Portfolio composition strategies among mortgage REITs (mREITs) continue to diverge, which will increase return dispersion among companies. MFA Financial (NYSE:MFA) has an attractive and diverse portfolio composition with growing credit asset exposure, which will strengthen its future earnings. MFA has been increasing its exposure to reperforming/nonperforming loan (RPL/NPL) assets, along with whole loans, which will allow the company to generate high returns in coming quarters. Also, the growing credit exposure will lower the company's portfolio and book value sensitivity to overall movements in interest rates. Also, MFA has the flexibility to strategically and opportunistically deploy capital in the residential mortgage market.

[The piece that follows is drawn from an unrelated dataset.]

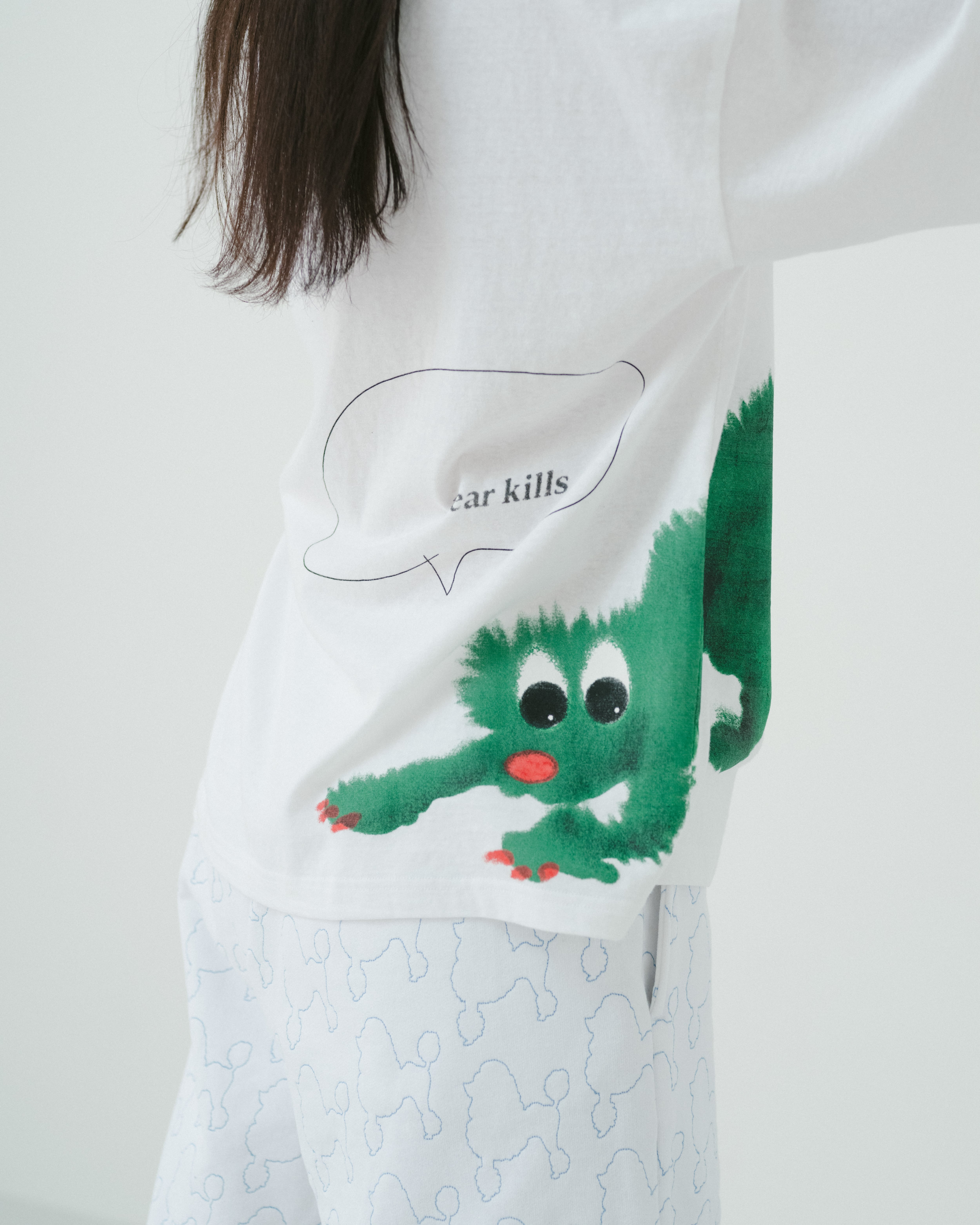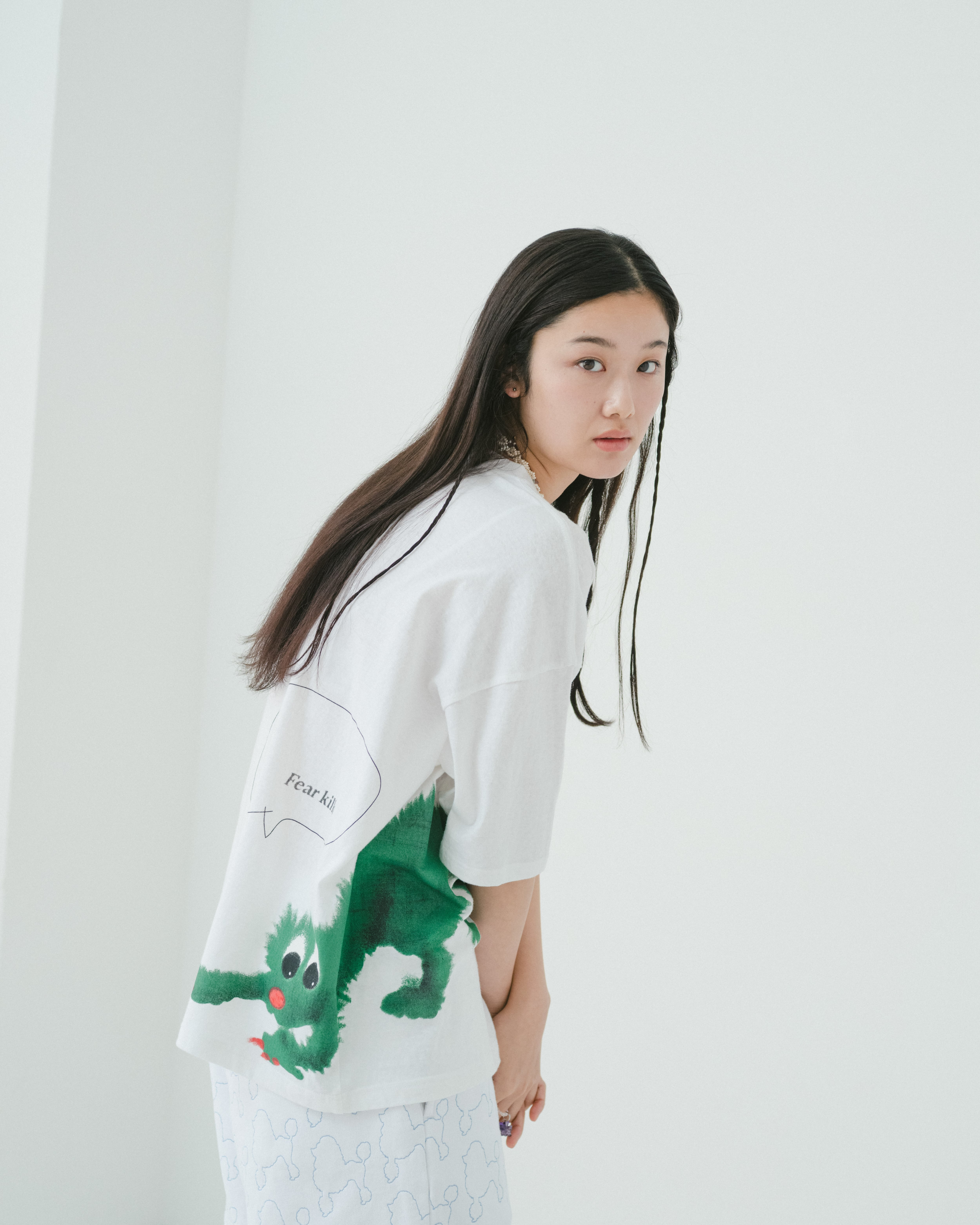 綿の落ち綿を使用して作られた、自然なムラ感とラフな風合いが特徴の天竺。落ち綿由来の柔らかい手触りがあり、洗うとふっくら感が増すのが特徴。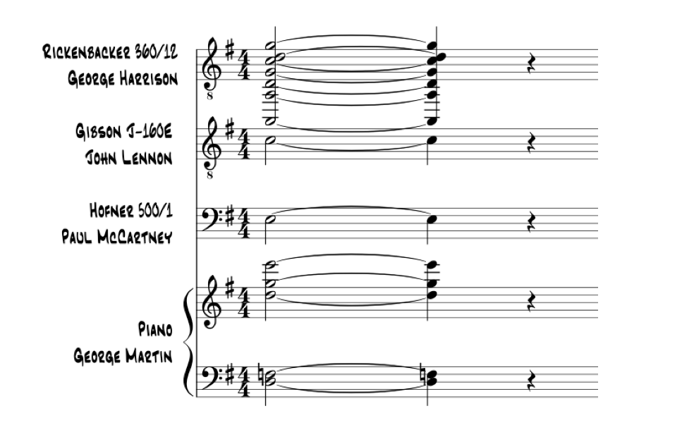 Los éxitos se fueron sucediendo. She loves you (1963) con autoría de “Lennon (.5) y McCartney (.5)” (Dowlding, 1995, p. 39) lanzaba un mensaje directo y, por tanto, diferente al resto de las letras adolescentes sobre el amor que se habían escrito hasta entonces, estaba en tercera persona y decía directamente: “ella te quiere”. La decisión de emplear en la armonía una sexta añadida al final del tema (Everett, 2013) fue algo inusual para la música popular de entonces; algo similar ocurrió con la canción que dio título al álbum AHard Day’s night “Lennon (1.00)” (Dowlding, 1995, p. 64), editado en 1964 con el tañido de un acorde –que se observa en la Figura 1– que podría interpretarse como Fadd9 (con la novena mayor, la séptima mayor y la sexta añadida), donde Harrison hizo uso de una guitarra Rickenbacker 360/12 de doce cuerdas.

Moreover, dividends offered by the company are safe and backed by its core EPS; the stock offers a yield of 10.2%, which makes it a good investment opportunity for income-hunting investors. In addition, as the company will continue to grow its credit exposure, its stock valuation will expand.
Attractive Portfolio Composition Will Support Core EPS
The company's impressive portfolio composition will continue to strengthen its core EPS. MFA delivered a strong performance for 1Q2015; reported EPS of $0.21 beat consensus of $0.19. The company's portfolio spread for 1Q2015 was 2.44%, up from 2.41% in 4Q2014; the portfolio spread for the quarter was positively affected by a 0.05% drop in borrowing costs. Also, the book value increased by $0.01 to $8.13 in 1Q2015. Also, $2.6 million of recognized gains in NPL's whole loan portfolio and $6.4 million of realized gains from the sale of legacy non-agency MBS positively affect the 1Q2015 earnings; I think the company's realized gains will stay a core part of its earnings, and it has been realizing gains over the last three years. Going forward, the company has the potential to realize further gains, as it has more than $750 million in unrealized gains in the legacy non-agency assets. The company's future performance will stay strong, driven by its diverse and attractive portfolio strategy.

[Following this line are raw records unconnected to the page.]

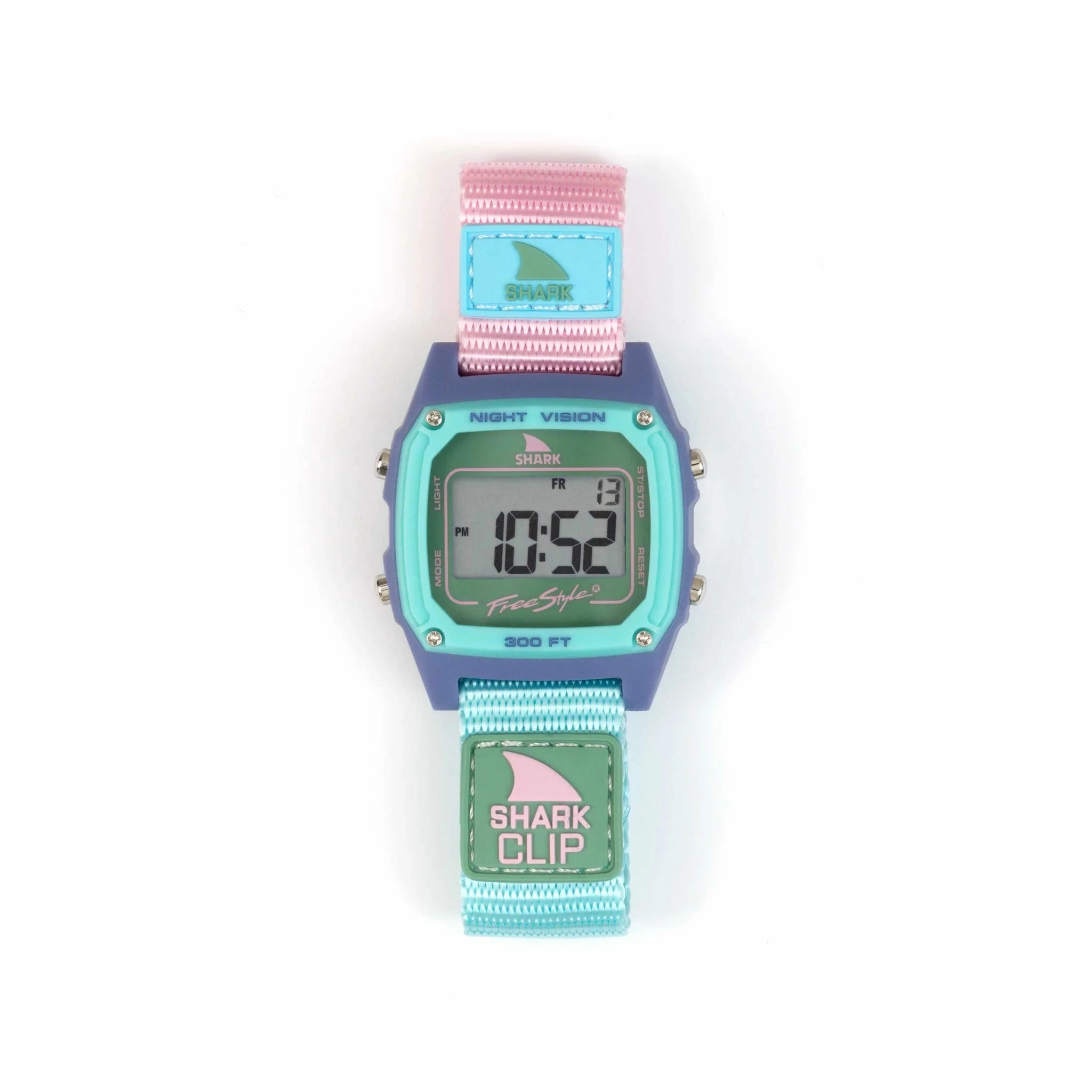 Retro-futurism at its finest! The Shark Clip features the original clip band system that ignited the Freestyle brand. Much like a seatbelt, just clip in to keep your watch safe, snug and comfortable. Other features include alarm, dual time, countdown timer, stopwatch, and night vision backlight. Like all Shark Watches, the Shark Clip is backed by our limited lifetime warranty.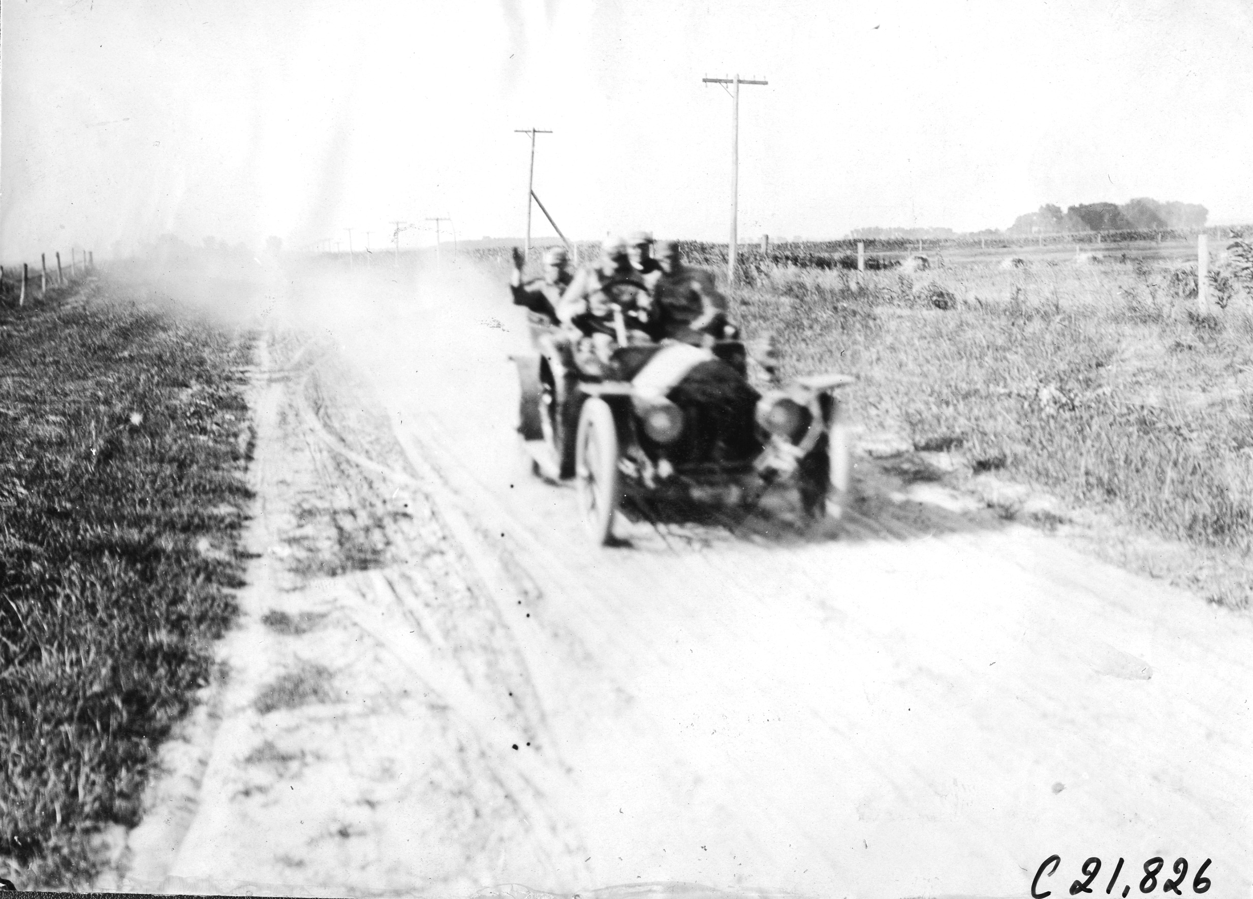 Duesenberg in Mason car on rural road near Missouri Valley, Iowa at 1909 Glidden Tour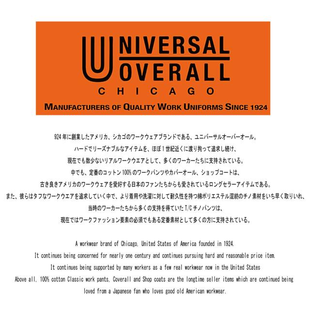 フロントにはUNIVERSAL OVERALLのブランドロゴがピスネームであしらわれています。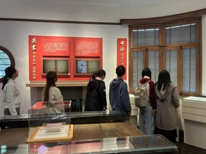 参观过程中,发展对象们始终保持肃穆神情,在泛黄手稿间追溯思想源流,于磨损典籍中触摸历史脉搏。在三楼手札室,陈望道先生的亲笔手札字迹工整有力,字里行间满是对学术的严谨追求与对国家教育事业的深切关怀。陈望道先生用毕生践行“不忘初心”的誓言,他翻译的不仅是一部著作,更是照亮中国革命征程的思想火炬。大家纷纷表示,这种沉浸式学习让党史从“课本上的文字”变成了“可触摸的历史”,比单纯的理论学习更具感染力。
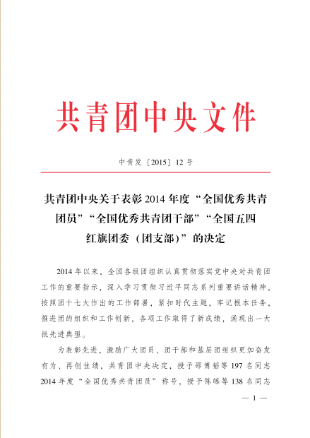 1.中青在线:2014年度“全国五四红旗团委(团支部)”名单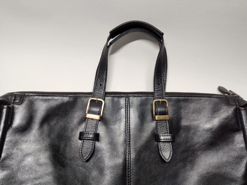 切れたショルダーベルトの根革を新規製作して交換しました。詳しくは「革修理ブログ」をご覧ください(*^-^*)
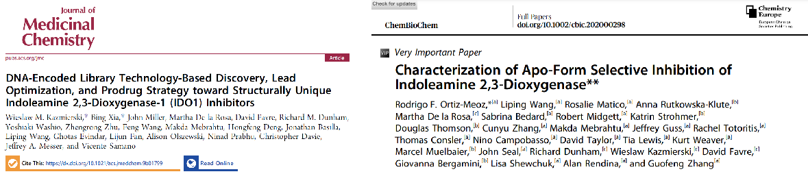 Wes Kazmierski博士:首先,我介绍一下分别发表在JMC和ChemBioChem期刊上的两篇论文:《DNA-Encoded Library Technology-Based Discovery, Lead Optimization, and Prodrug Strategy toward Structurally Unique Indoleamine 2,3-Dioxygenase-1 (IDO1) Inhibitors》和《Characterization of apo-form selective inhibition of indoleamine2,3-dioxygenase》,这两篇是由我和同事撰写的,夏博也为第一篇文章作出了重大贡献。这些论文提供了在本次网络研讨会中未涵盖的额外细节,有兴趣的听众可以进一步查阅。IDO1是一种含血红素的酶,催化色氨酸氧化为N-甲酰基酮尿氨酸,这是酮尿氨酸代谢途径中的第一步及限速步。IDO1与其密切相关的IDO2和TDO共同代谢哺乳动物90%以上的总色氨酸。IDO1在抗病原体感染或细胞炎症时被诱导或上调,这限制了T细胞功能,并导致免疫抑制和局部免疫耐受。IDO1也会帮助癌细胞逃避免疫系统的检测,因此对IDO1的抑制也被认为可以产生抗癌作用。色氨酸的耗竭以及其代谢产物犬尿氨酸的过度生成(此现象可总体表示为高的K/T比)也与中枢神经系统疾病(如阿尔茨海默病)及HIV患者在抗逆转录病毒疗法中增加的发病率和死亡率相关。因此IDO1一直是药物研发中一个热门的靶点,也产生了许多处于临床阶段的IDO1抑制剂。但它们在活性和药代动力学特性上存在不足,需要高剂量和多次服用,对支持患者的用药依从性也不理想。因此我们希望通过高通量筛选(HTS)和DEL筛选发现新化学型的苗头化合物来解决这些问题。

In the recent past, MFA positioned as a holding company, which offers its flexibility to grow its credit sensitive portfolio exposure. The company has been consistently increasing its credit portfolio. In 1Q2015, MFA's RPL and NPL pool loans portfolio increased to $2.3 billion, up from $2 billion in 4Q2014. In 1Q2015, the company invested $500 million in RPL and NPL pool loans, replacing run-off of $200 million. Separately, the company has been expanding its residential whole loan portfolio. By the end of 1Q2015, MFA's residential whole loan portfolio grew to $387 million, up from $351 million in 4Q2014. MFA's credit sensitive assets comprise almost 21% of its total assets, in comparison to 18% in 4Q2014.
I expect the company's credit exposure to continue to grow, which will bode well for its earnings outlook and stock price. The increasing non-agency and credit exposure will augur well for its EPS because RPL/NPL, residential whole loans and non-agency MBS have higher average coupons of 3.54%, 5.3% and 5.81%, versus agency MBS' yield of almost 3%. The table below displays asset allocation and the corresponding average coupons.

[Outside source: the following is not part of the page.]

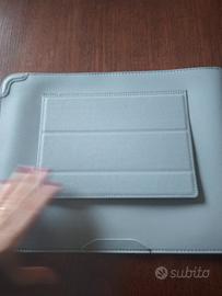 Custodia per tablet /PC grigio chiara con piccola borsa per contenere cavi.14 pollici.Finta pelle.Nuova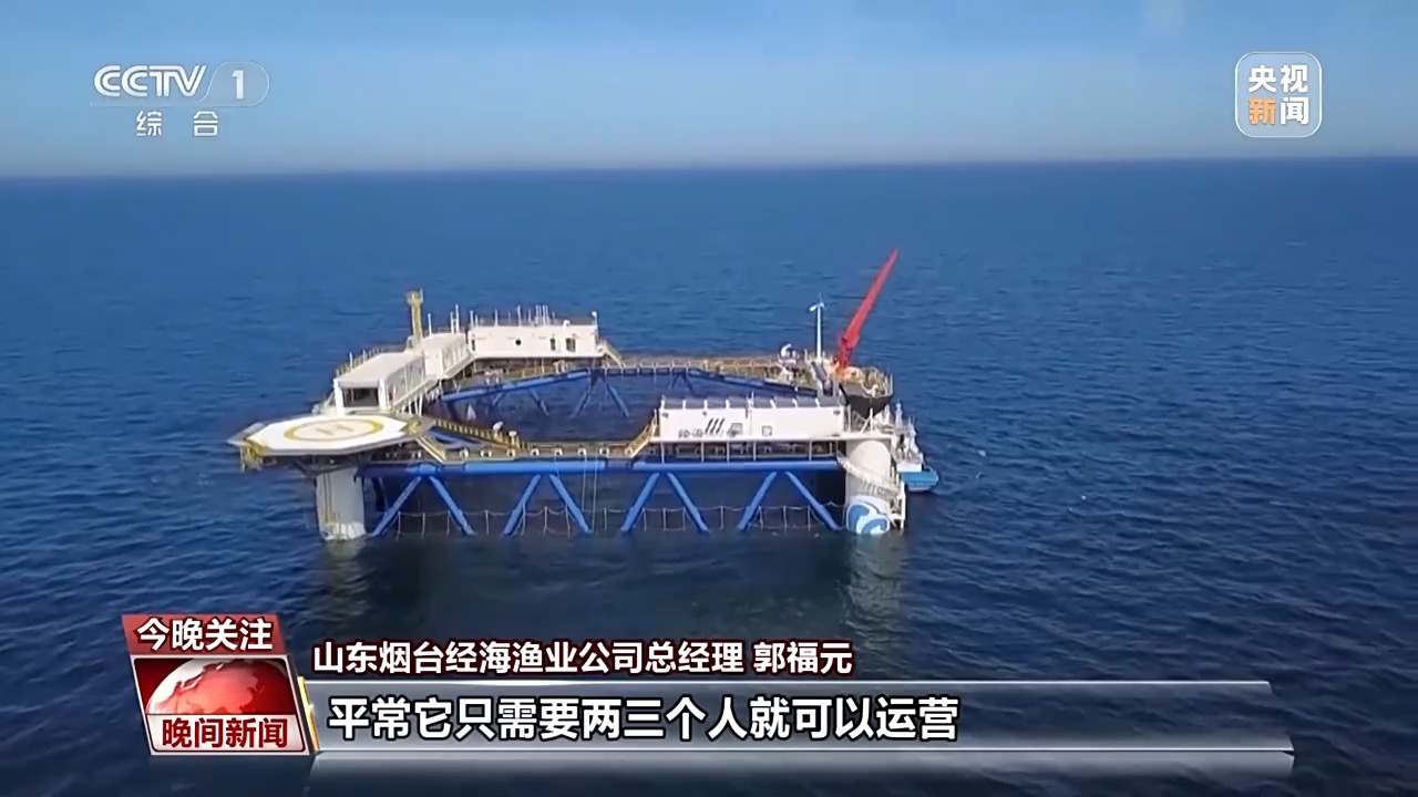 山东烟台经海渔业公司总经理 郭福元:深水网箱可以承受百年一遇的浪高是8.6米,最大海水流速是每秒1.6米。平常只需要两三个人就可以运营,智能化和信息化手段都在这个网箱上有所体现。

Source: Investors Presentation
Furthermore, the company's credit fundamentals of the non-agency portfolio continue to improve as the LTV ratio decreased for several loans backing its non-agency mortgages. And as a result, it lowered its future loss estimates and transferred almost $22 million to accretable discounts, which will strengthen its interest income realized over the remaining life of its non-agency MBS. Also, the company's portfolio composition strategy will allow it to benefit from acceleration in prepayment speed, given the higher relative discount accretion on its credit securities versus premium amortization of agency securities.
Dividends and Valuation
MFA offers a quarterly dividend of $0.20 per share, which is backed by its 1Q2015 EPS of $0.21; the stock offers a yield of 10.2%. The company will continue to maintain its dividends, as its dividend security will improve in future, as it has been increasing its credit exposure, which will strengthen its EPS.
The stock is currently trading at a 9% discount to its book value; it has a price-to-book value of 0.91x. As the company will continue to grow its credit portfolio, which will strengthen its earnings, I think the stock price multiple will expand, which will result in price appreciation. The following graph shows the price-to-book value historical trend for the company.
MFA has an impressive and diverse portfolio composition strategy. The company's growing credit portfolio exposure will strengthen its future earning and allow the company to maintain its dividends. As the stock offers an attractive yield of 10.2%, it stays a good investment opportunity for income-seeking investors. Also, the company's portfolio strategy will allow it to benefit from acceleration in prepayment speed. Moreover, as the company will continue to expand its credit portfolio, the stock valuation will expand; the stock is currently trading at a 9% discount to its book value.